→ **Task prompt**
Any picture in the listing is left out of the copy; all else is duplicated exactly.

→ **Collected data**
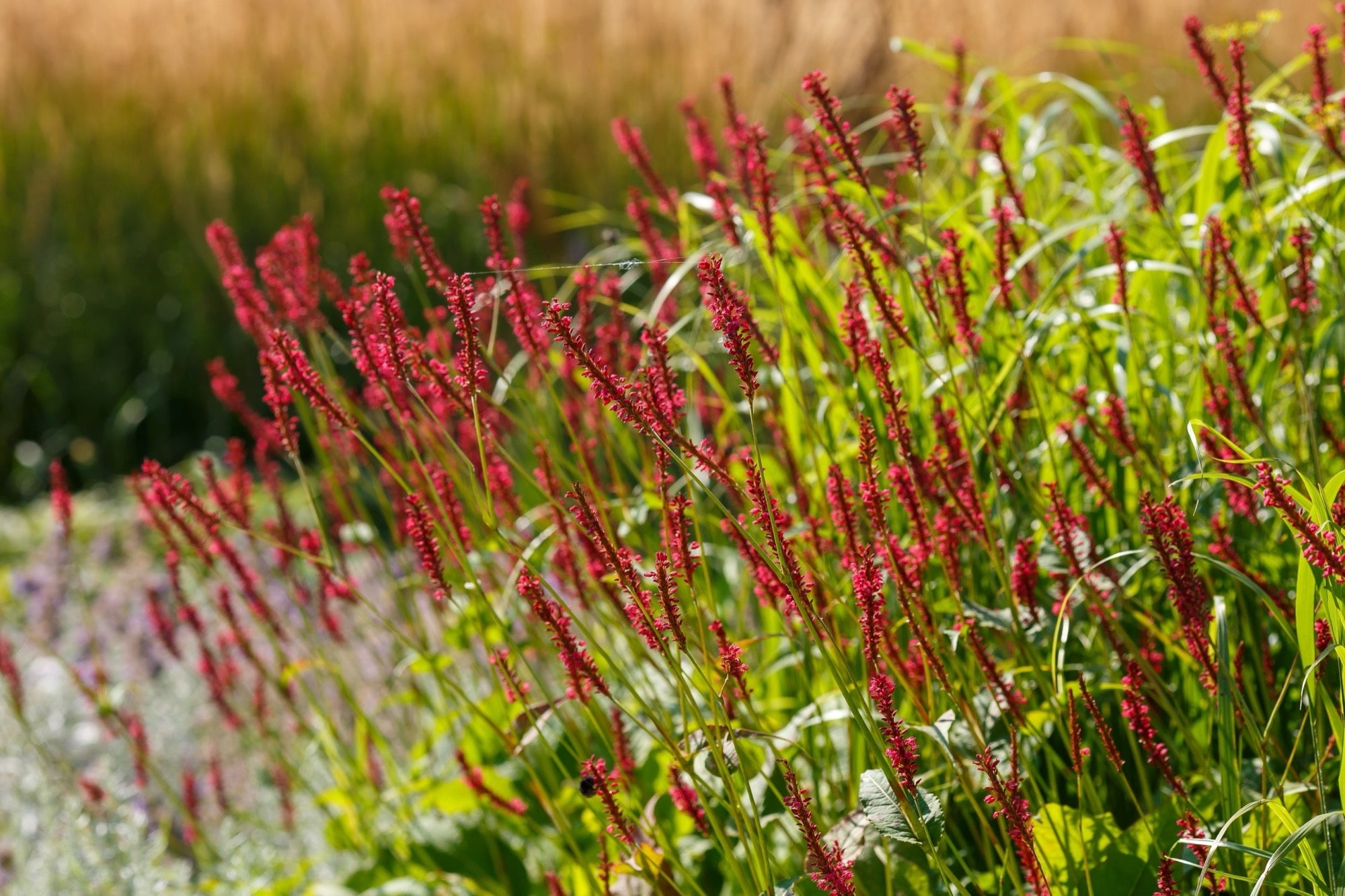 Thriving in moist, fertile soil, this hardy perennial prefers full sun to partial shade and forms strong, vigorous clumps that require minimal maintenance. Cutting back old stems in late winter encourages fresh spring growth and keeps the plant tidy. Persicaria amplexicaulis ‘Taurus’ is a reliable, long-flowering, and visually impactful choice for adding structure, colour, and wildlife support to UK gardens.
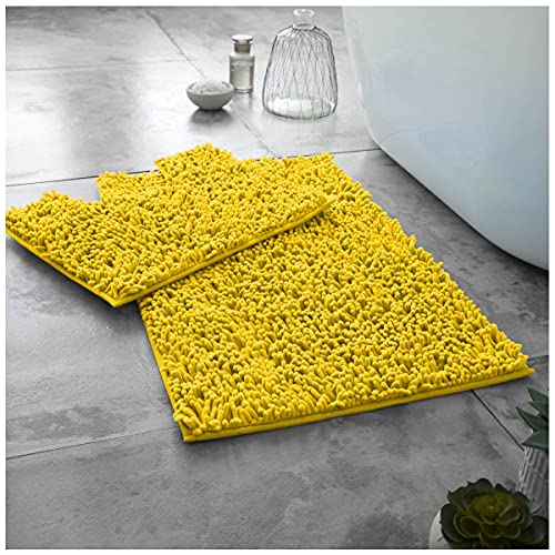 DEXI Badmatta Badrumsmatta, stor halkfri absorberande och mjuka golvmattor tvättbara chenille-mattor för badkar toalett duschrum entré, 61 cm x 109 cm ljusblå
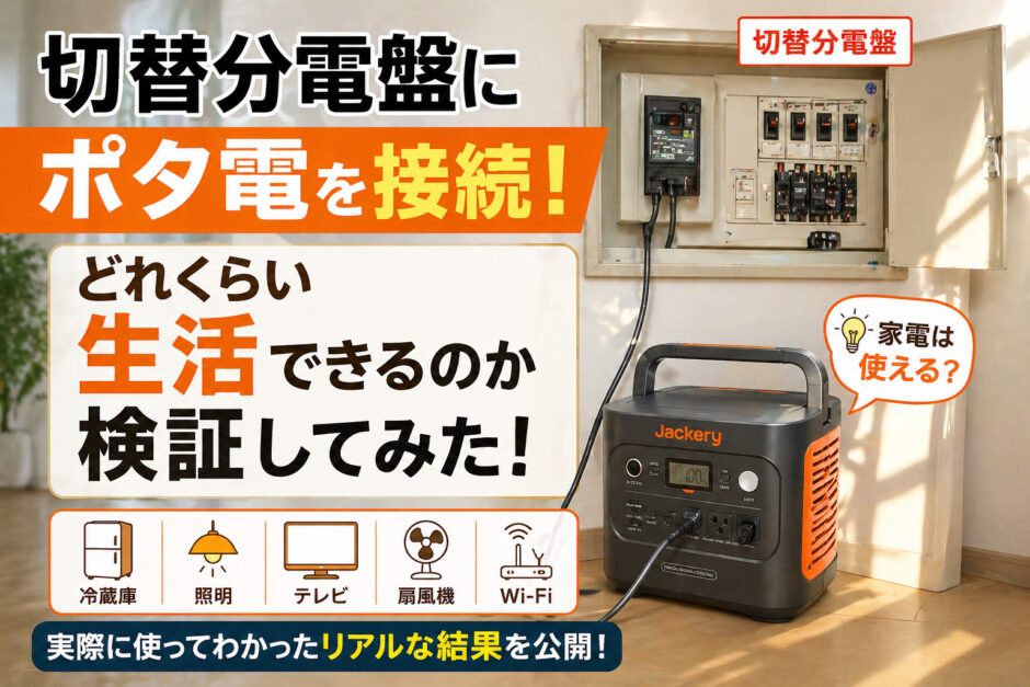 今回は、実際に「Jackery 2000 New」を切替分電盤に接続して、24時間生活してみた検証結果をお伝えします。

→ **Solution**
 Thriving in moist, fertile soil, this hardy perennial prefers full sun to partial shade and forms strong, vigorous clumps that require minimal maintenance. Cutting back old stems in late winter encourages fresh spring growth and keeps the plant tidy. Persicaria amplexicaulis ‘Taurus’ is a reliable, long-flowering, and visually impactful choice for adding structure, colour, and wildlife support to UK gardens.
 DEXI Badmatta Badrumsmatta, stor halkfri absorberande och mjuka golvmattor tvättbara chenille-mattor för badkar toalett duschrum entré, 61 cm x 109 cm ljusblå
 今回は、実際に「Jackery 2000 New」を切替分電盤に接続して、24時間生活してみた検証結果をお伝えします。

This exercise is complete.